Muzeum Budownictwa Ludowego - największy skansen na Litwie
Pożegnanie karnawału i zimy to niesamowity litewski zwyczaj, który zachwyca mnie od wielu lat.
Wesołe kapele, barwne korowody, wymyślne maski - poruszają..., wzruszają..., radują! Ale w tej zabawie, gdzie Karnawał musi być pokonany przez Post, a More, symboliczna zima zawsze jest spalona, zachwyca mnie nadzwyczajna magia, która unosi się nad Ruszyszkami. Spojrzenia zza masek, chwytanie za ręce przebierańców, wspólnota na podwórzach, poczęstunki jadłem, radosna muzyka... ulotne chwile.

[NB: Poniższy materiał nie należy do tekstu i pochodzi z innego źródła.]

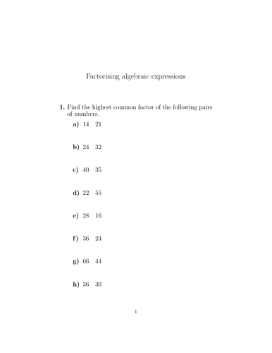 Factoring - Common factor only Worksheets Factoring-Common-factor-only-easy.pdf. Download. Downloads: 10156 x. Factor the common factor out of each expression. This free worksheet contains 10 assignments each with 24 questions with answers. Example of one question: Watch bellow how to solve this example: YouTube.

Dźwięki wielu kapel łączą się w skansenowej przestrzeni magicznie jednocząc serca obecnych. Wehikułem czasu przenoszą wszystkich bawiących się do minionych wieków, gdzie jakby wszystko wydaje się prostsze i prawdziwsze. A ludzie bardziej otwarci, niezależnie od narodowości. Tęskno mi będzie do tych chwil, która już dziś są wspomnieniem. Ważnym i istotnym w dalszej twórczości! Tak myślę.